Vemos en nuestra Constitución normas sobre decretos legislativos, llamados de “necesidad y urgencia”, con comisiones bicamerales permanentes para su rápida aprobación y delegaciones legislativas amplias hacia un Poder Ejecutivo unitario. Es decir, no las delegaciones legislativas por agencia propias de la división de poderes.
En el sistema parlamentario el gobierno encabezado por el primer ministro es responsable ante el Parlamento, y “el gobierno determina y conduce la política de la nación. El dispone de la administración y de la fuerza armada”, dice la Constitución francesa. En ella el presidente es un poder moderador o neutro: “El Presidente de la República vela por el cumplimiento de la Constitución. Garantiza, a través de su arbitraje, el funcionamiento regular de los poderes públicos, así como la continuidad del Estado”.
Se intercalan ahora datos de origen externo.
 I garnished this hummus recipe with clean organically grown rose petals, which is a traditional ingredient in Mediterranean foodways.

Esta doctrina del jefe de Estado como poder moderador o neutro frente a las facciones políticas del Parlamento tiene su origen en ideas expuestas por Benjamin Constant en 1814. Después de la reforma de 1994 la definición de las funciones del presidente de la Nación toma elementos del presidencialismo tradicional y también del parlamentarismo: es el jefe supremo de la Nación, jefe del gobierno y responsable político de la administración general del país. Unifica las funciones de un jefe de Estado y de gobierno y jefe político de la administración.
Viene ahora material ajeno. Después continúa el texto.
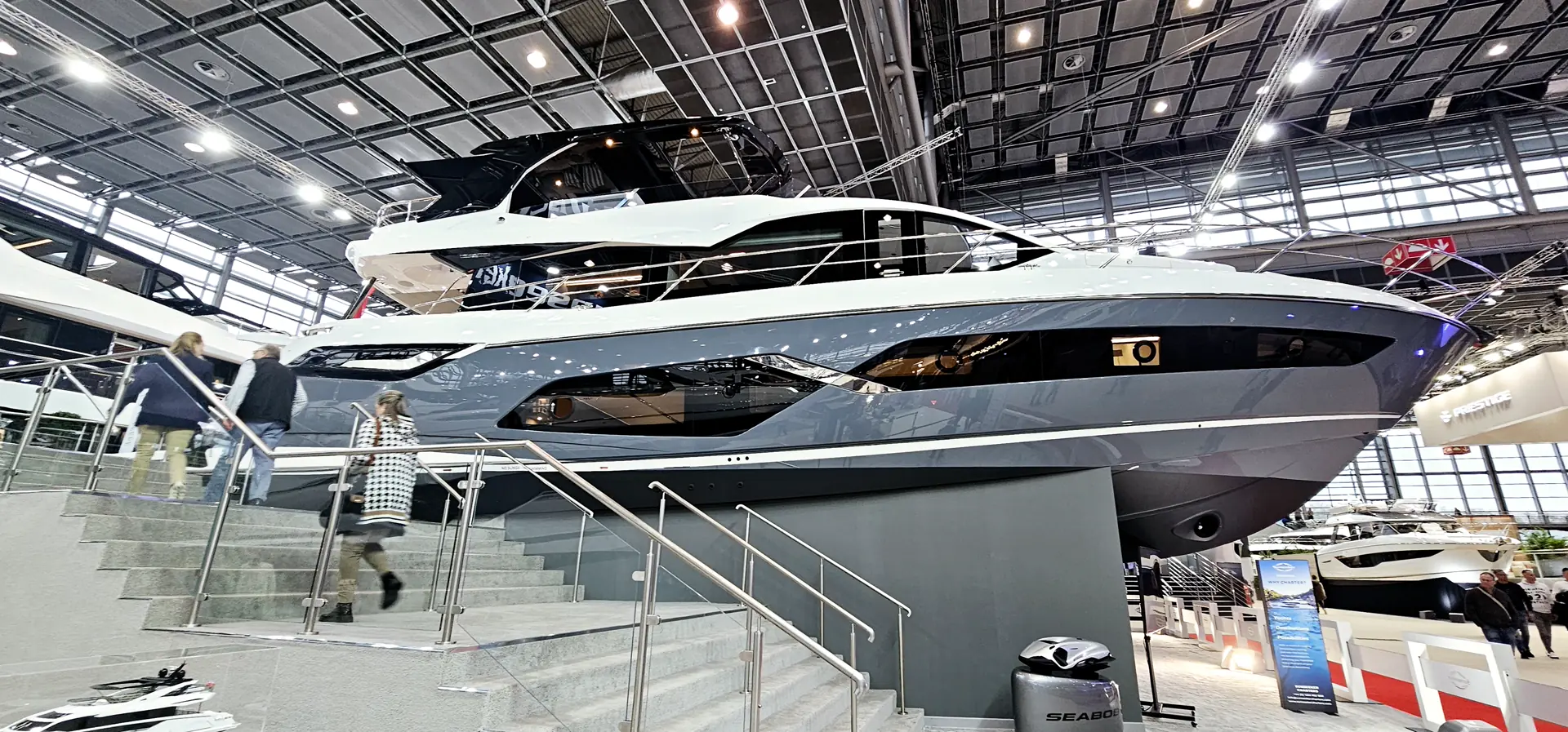 Vi går ombord der den ligger som en stjerne i utstillingen til Sunseeker. Lekker design og gråfarget skrog gjør den i øyenfallende.
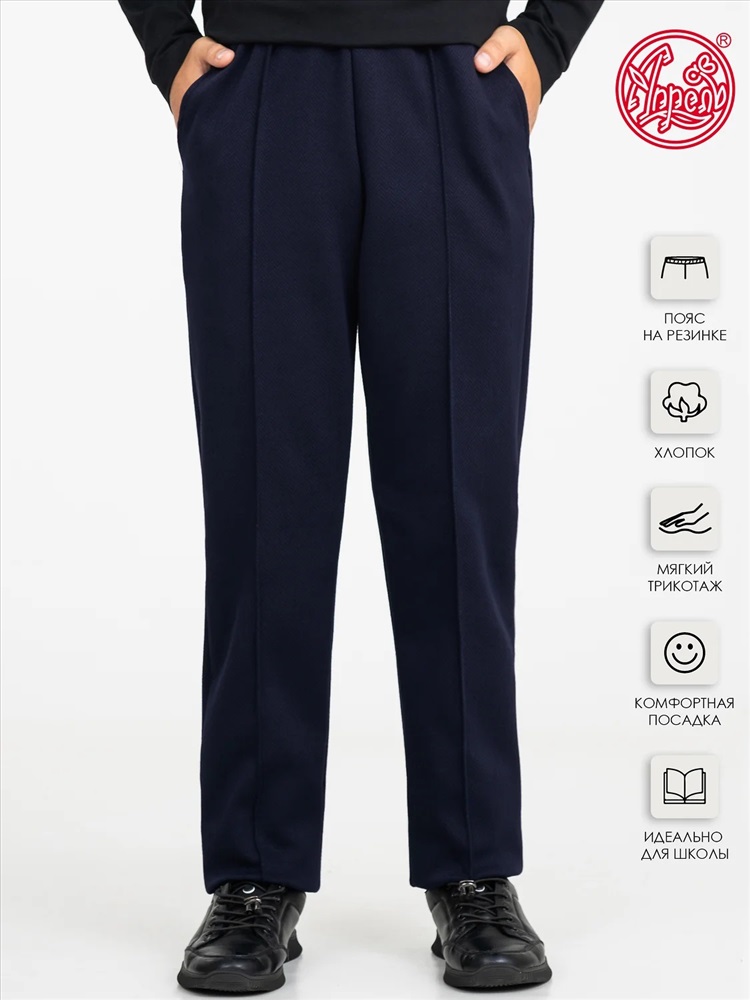 Брюки для мальчика выполнены из плотного полотна с рельефным рисунком, выполненным с применением жаккардового плетения. Изделие на эластичном поясе, имеет удобные карманы и декоративные отстрочки-стрелки. Отличный вариант для школы! Уход: только машинная стирка (руками не стирать!) при температуре 40 градусов, без предварительного замачивания.

Más adelante, la Constitución reformada en 1994 admite los decretos legislativos, indicando el procedimiento para su conocimiento por el Congreso con la presentación por el jefe de Gabinete y el tratamiento por una comisión bicameral permanente. En la práctica posterior este procedimiento fue obviado y la legislación general se realizó directamente a través de decretos. En cuanto a la delegación legislativa el lenguaje es también equívoco. Se prohíbe, pero se permite: se prohíbe la delegación legislativa en el Poder Ejecutivo, salvo en materias determinadas de administración o de emergencia pública.
En suma, es además árbitro y moderador de las pasiones parlamentarias. No es necesario ocuparse de las numerosas controversias y distinciones de derecho luego de la reforma de 1994 para llegar a la comprobación simple de que desde hace ya décadas existe una práctica constante, sustentada por una firma convicción jurídica para la vigencia de los decretos de contenido legislativo, con más de mil decretos dictados en su inmensa mayoría sin la aprobación y, sí, con la aquiescencia del Congreso.
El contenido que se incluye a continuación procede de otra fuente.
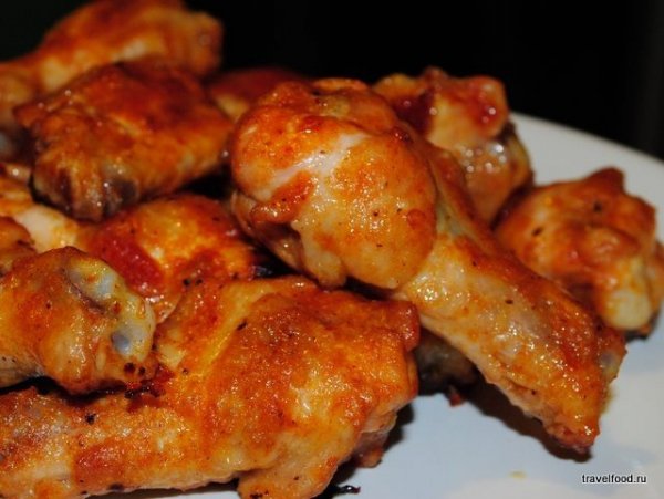 Описание: Куриные крылышки «Бaффало»Ингредиенты на 2–3 порции:Куриные крылья — 900 гСоль — по вкусуПерец черный — по вкусуЧеснок молотый — 1–2 ч. л.Масло сливочное — 30 гТабаско — 1/2 ч. л.Острый чили соус (однородный) — 6–7 ст. л.Томатное пюре — по вкусуВинный уксус — 1 ч. л.Перец чили (молотый) — по вкусуРастительное масло — 1 ст. л.Приготовление:1. Включаем духовку на 210 градусов.2. Куриные крылышки разрезаем на 3 части, для приготовления используем две более толстых части.3. В большой миске смешиваем крылышки с солью, перцем, чесноком (по вкусу) и растительным маслом.4. Перекладываем крылышки на противень и готовим в духовке 15–20 минут.5. В кастрюле смешиваем сливочное масло, острый чили соус (если с частичками, просто процедить), винный уксус, табаско, молотый перец чили и чеснок, можно добавить томатное пюре (готовые измельченные томаты в упаковке).6. На медленном огне, помешивая, растворяем сливочное масло. Не кипятить!7. Достаем крылья и высыпаем их в кастрюлю с соусом.8. Очень хорошо перемешиваем и снова в духовку на 5 минут.9. Перекладываем на общую тарелку.10. Подавать крылышки «Баффало» со стеблем сельдерея и сырным соусом.

La elección directa del Presidente y su consolidación mayoritaria en función de la segunda vuelta le conceden una legitimidad democrática superior a la del sistema indirecto tradicional, aunque se consiguiera una mayoría amplia en aquellas juntas electorales del pasado. Recordemos el caso de Arturo Illia, considerado un presidente “minoritario” aunque había obtenido por acuerdos interpartidarios o por decisiones espontáneas una mayoría amplia en el Colegio Eectoral.
El nuevo sistema electoral consolida el liderazgo presidencial al mismo tiempo de introducir la posibilidad de una reelección y siguiendo su ejemplo la gran mayoría de las provincias la han adoptado, quebrando así la única verdadera limitación al poder político.
Lo inesperado de la reforma es que quienes la apoyaron pensaban, como los peronistas, en el fortalecimiento de su facción política, por las características de partido mayoritario y la tradicional hegemonía ejercida en el Senado, al punto de que entre 1946 y 1955, en los dos primeros gobiernos de Juan Perón no hubo un solo senador por la oposición. Ahora, con el amplio cambio registrado recientemente buscan una lectura estricta de algunos textos constitucionales y diferente de la propugnada y aceptada en las últimas décadas.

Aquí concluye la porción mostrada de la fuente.